TO DO> From the line that contains "力控制插件是個(gè)工具,它與抓取創(chuàng)作" down to the final line of the listing below, set down every line exactly, both ends included, and drop the pictures.

DATA BELOW>
* * *

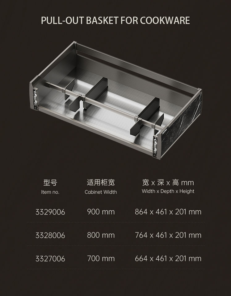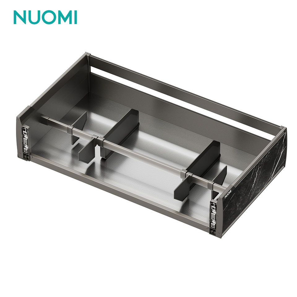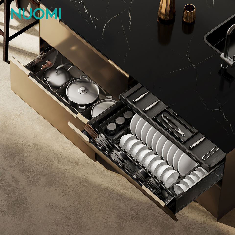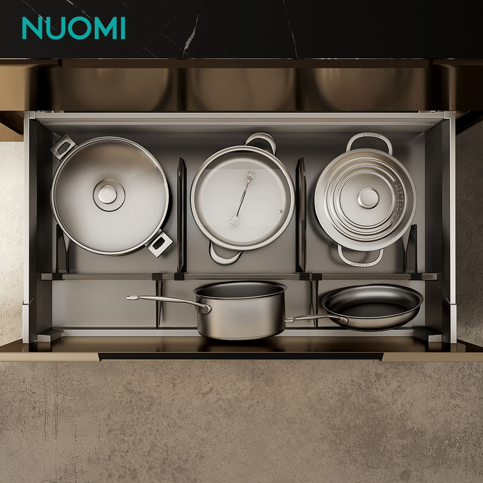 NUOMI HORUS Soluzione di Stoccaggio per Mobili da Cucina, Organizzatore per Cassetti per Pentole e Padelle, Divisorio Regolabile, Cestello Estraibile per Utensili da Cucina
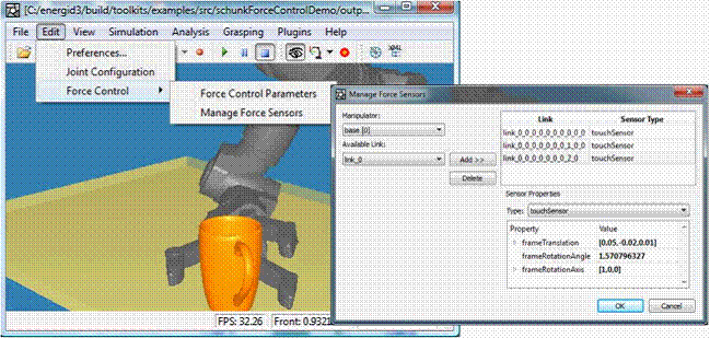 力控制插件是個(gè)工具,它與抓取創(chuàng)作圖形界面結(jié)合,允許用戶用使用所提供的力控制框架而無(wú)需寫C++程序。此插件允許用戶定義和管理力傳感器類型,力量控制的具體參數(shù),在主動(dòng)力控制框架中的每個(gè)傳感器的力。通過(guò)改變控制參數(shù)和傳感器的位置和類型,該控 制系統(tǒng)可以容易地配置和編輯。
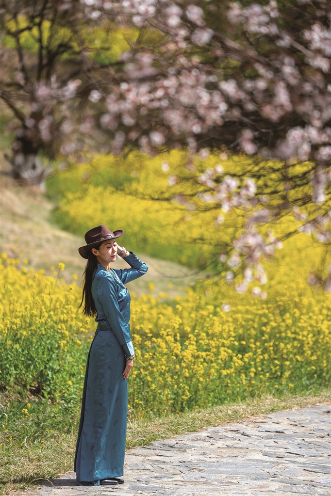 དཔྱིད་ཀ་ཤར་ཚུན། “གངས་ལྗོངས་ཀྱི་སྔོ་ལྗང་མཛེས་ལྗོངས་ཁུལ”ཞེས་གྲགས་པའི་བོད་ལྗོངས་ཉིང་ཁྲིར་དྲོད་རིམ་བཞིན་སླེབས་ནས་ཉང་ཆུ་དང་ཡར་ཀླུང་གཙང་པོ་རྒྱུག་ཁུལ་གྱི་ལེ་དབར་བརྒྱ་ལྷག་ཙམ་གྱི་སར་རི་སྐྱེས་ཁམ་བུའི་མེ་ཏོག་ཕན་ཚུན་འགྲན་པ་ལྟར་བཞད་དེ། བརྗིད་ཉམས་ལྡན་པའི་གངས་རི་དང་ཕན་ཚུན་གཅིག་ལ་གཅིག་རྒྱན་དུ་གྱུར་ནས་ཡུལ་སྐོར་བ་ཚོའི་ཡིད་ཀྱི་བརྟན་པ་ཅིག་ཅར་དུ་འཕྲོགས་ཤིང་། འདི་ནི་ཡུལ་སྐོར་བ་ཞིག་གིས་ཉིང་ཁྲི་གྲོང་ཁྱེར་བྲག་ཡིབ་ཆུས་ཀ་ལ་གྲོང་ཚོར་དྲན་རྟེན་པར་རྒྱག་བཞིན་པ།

* * *

SOLUTION TO THIS EXERCISE>
 力控制插件是個(gè)工具,它與抓取創(chuàng)作圖形界面結(jié)合,允許用戶用使用所提供的力控制框架而無(wú)需寫C++程序。此插件允許用戶定義和管理力傳感器類型,力量控制的具體參數(shù),在主動(dòng)力控制框架中的每個(gè)傳感器的力。通過(guò)改變控制參數(shù)和傳感器的位置和類型,該控 制系統(tǒng)可以容易地配置和編輯。
 དཔྱིད་ཀ་ཤར་ཚུན། “གངས་ལྗོངས་ཀྱི་སྔོ་ལྗང་མཛེས་ལྗོངས་ཁུལ”ཞེས་གྲགས་པའི་བོད་ལྗོངས་ཉིང་ཁྲིར་དྲོད་རིམ་བཞིན་སླེབས་ནས་ཉང་ཆུ་དང་ཡར་ཀླུང་གཙང་པོ་རྒྱུག་ཁུལ་གྱི་ལེ་དབར་བརྒྱ་ལྷག་ཙམ་གྱི་སར་རི་སྐྱེས་ཁམ་བུའི་མེ་ཏོག་ཕན་ཚུན་འགྲན་པ་ལྟར་བཞད་དེ། བརྗིད་ཉམས་ལྡན་པའི་གངས་རི་དང་ཕན་ཚུན་གཅིག་ལ་གཅིག་རྒྱན་དུ་གྱུར་ནས་ཡུལ་སྐོར་བ་ཚོའི་ཡིད་ཀྱི་བརྟན་པ་ཅིག་ཅར་དུ་འཕྲོགས་ཤིང་། འདི་ནི་ཡུལ་སྐོར་བ་ཞིག་གིས་ཉིང་ཁྲི་གྲོང་ཁྱེར་བྲག་ཡིབ་ཆུས་ཀ་ལ་གྲོང་ཚོར་དྲན་རྟེན་པར་རྒྱག་བཞིན་པ།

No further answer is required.